- [Problem requirements]: Reproduce from the records below, with no pictures, exactly the lines between the one containing "Pro/ 12 Mini" and the one containing "確保工作室的設計不能過于搶眼", inclusive.

[Records supplied — start]

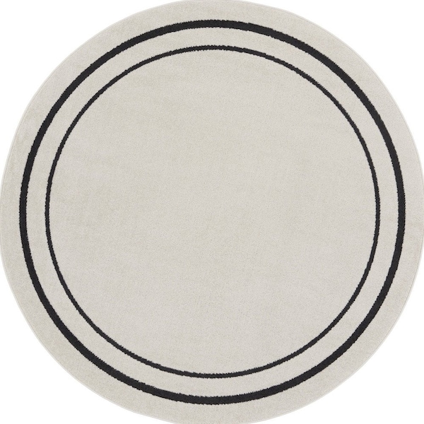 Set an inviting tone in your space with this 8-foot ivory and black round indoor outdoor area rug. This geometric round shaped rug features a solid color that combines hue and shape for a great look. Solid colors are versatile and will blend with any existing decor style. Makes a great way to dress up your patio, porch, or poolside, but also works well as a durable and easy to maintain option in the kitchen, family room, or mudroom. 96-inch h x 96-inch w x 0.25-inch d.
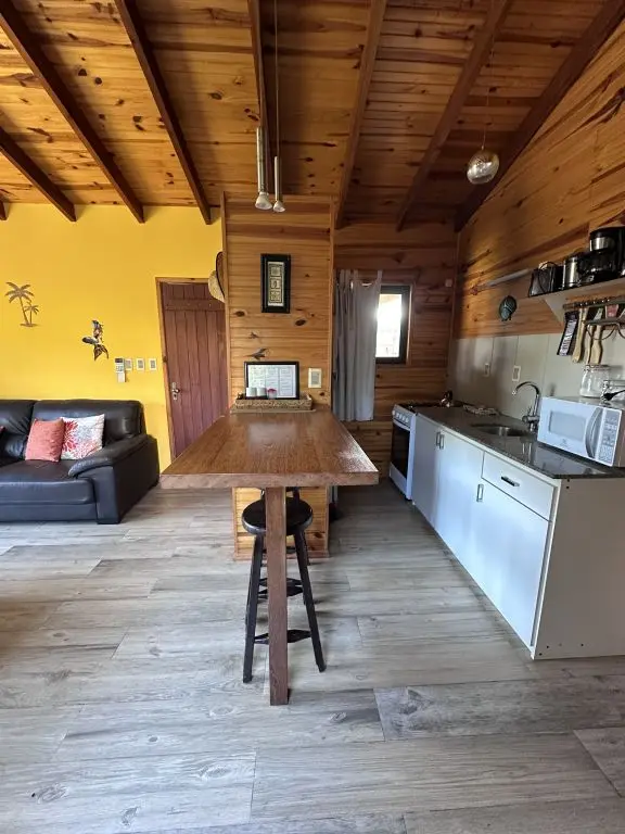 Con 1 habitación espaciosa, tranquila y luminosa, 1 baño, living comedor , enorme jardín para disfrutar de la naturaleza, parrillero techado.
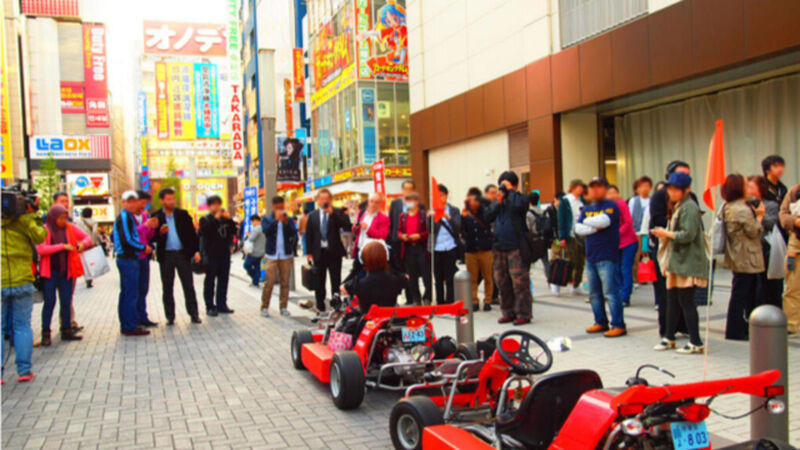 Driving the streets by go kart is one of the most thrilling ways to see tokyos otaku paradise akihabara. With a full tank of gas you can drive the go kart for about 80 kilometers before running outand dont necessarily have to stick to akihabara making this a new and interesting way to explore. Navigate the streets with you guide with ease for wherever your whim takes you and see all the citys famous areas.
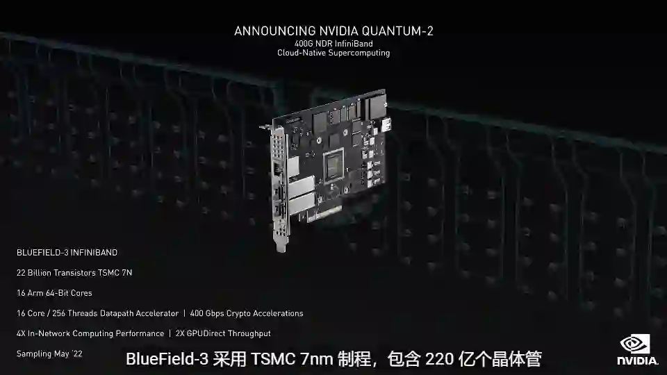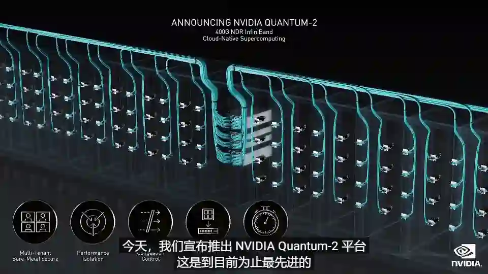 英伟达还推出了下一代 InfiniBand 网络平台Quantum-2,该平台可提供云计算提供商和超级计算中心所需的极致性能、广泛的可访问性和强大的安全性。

[Records supplied — finish]
[Records supplied — start]

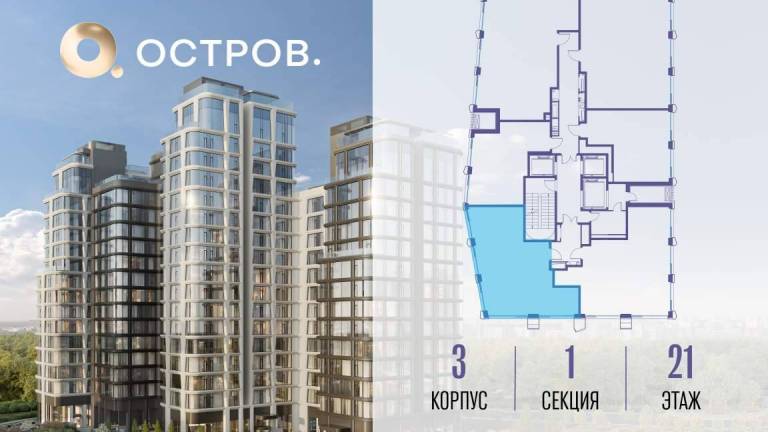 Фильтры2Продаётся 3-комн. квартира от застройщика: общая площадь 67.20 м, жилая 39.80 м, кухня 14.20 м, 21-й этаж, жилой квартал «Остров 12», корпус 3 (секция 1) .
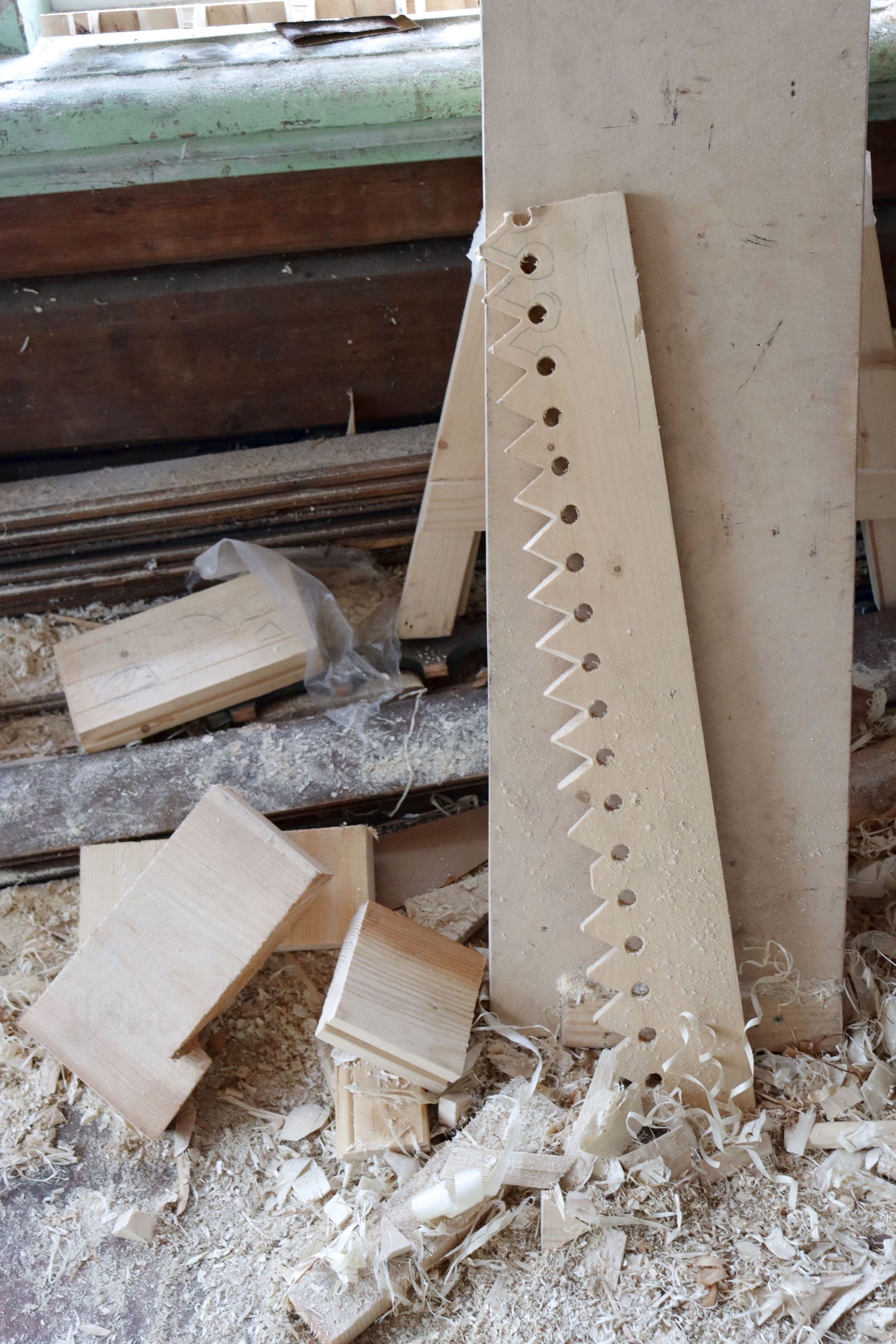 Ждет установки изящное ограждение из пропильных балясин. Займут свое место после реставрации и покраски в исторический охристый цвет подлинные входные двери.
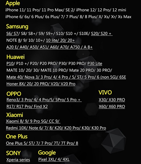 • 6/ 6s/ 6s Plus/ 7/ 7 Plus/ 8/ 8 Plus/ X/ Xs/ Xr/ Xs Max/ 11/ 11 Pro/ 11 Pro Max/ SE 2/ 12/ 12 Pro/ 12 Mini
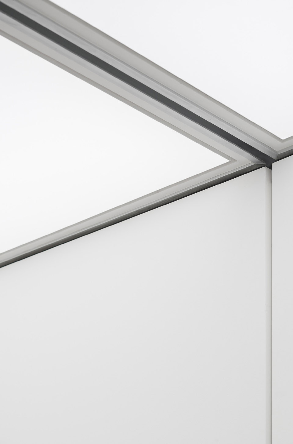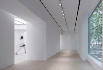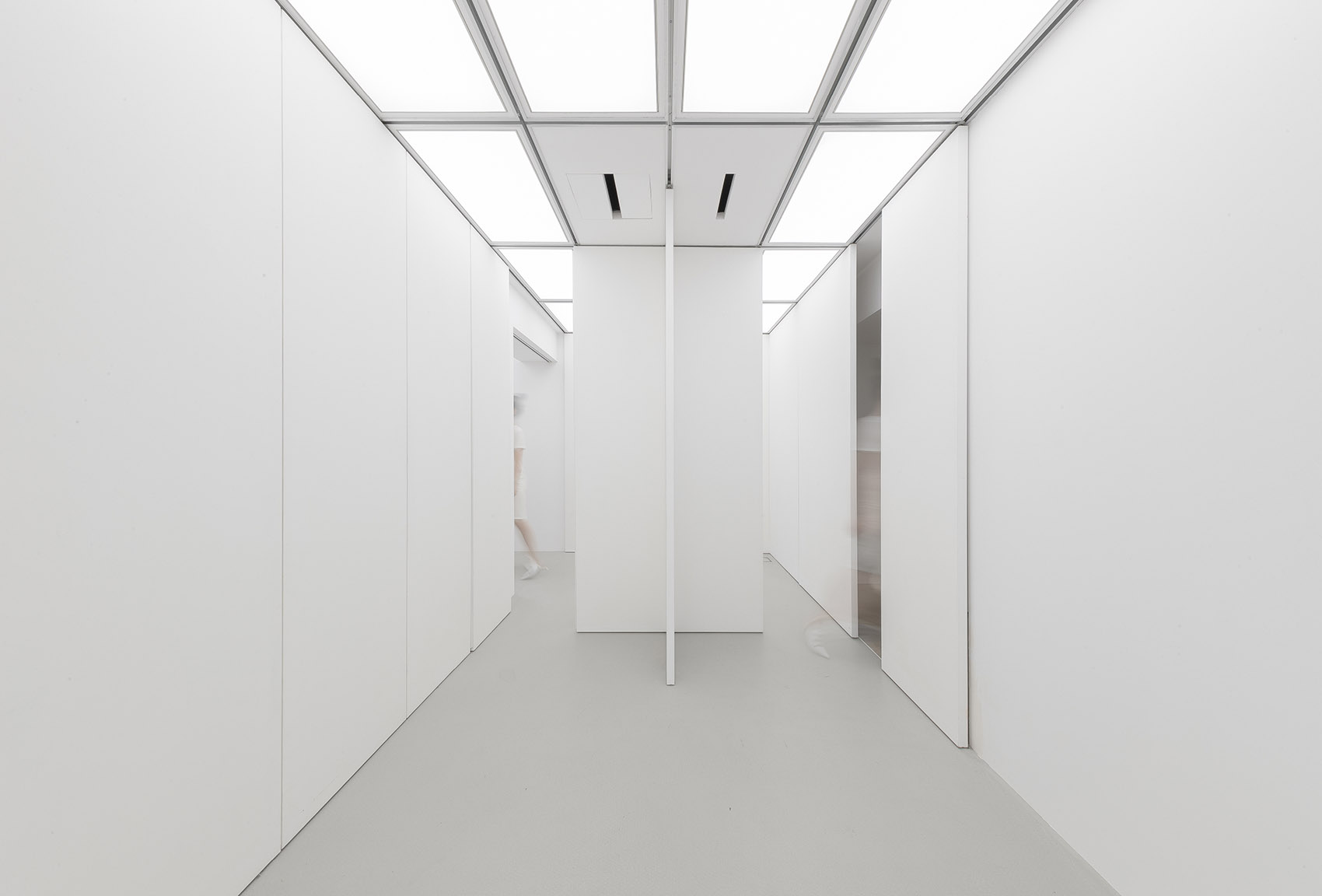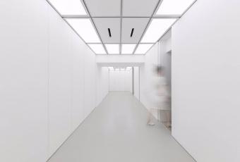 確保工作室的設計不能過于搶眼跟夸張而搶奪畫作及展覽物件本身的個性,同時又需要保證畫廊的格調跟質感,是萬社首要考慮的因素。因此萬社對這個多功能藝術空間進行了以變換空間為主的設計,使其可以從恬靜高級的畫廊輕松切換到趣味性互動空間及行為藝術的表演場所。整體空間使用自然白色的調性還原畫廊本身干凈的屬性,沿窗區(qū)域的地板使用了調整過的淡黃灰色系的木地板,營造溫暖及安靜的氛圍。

[Records supplied — finish]

- [Result below]:
 • 6/ 6s/ 6s Plus/ 7/ 7 Plus/ 8/ 8 Plus/ X/ Xs/ Xr/ Xs Max/ 11/ 11 Pro/ 11 Pro Max/ SE 2/ 12/ 12 Pro/ 12 Mini
 確保工作室的設計不能過于搶眼跟夸張而搶奪畫作及展覽物件本身的個性,同時又需要保證畫廊的格調跟質感,是萬社首要考慮的因素。因此萬社對這個多功能藝術空間進行了以變換空間為主的設計,使其可以從恬靜高級的畫廊輕松切換到趣味性互動空間及行為藝術的表演場所。整體空間使用自然白色的調性還原畫廊本身干凈的屬性,沿窗區(qū)域的地板使用了調整過的淡黃灰色系的木地板,營造溫暖及安靜的氛圍。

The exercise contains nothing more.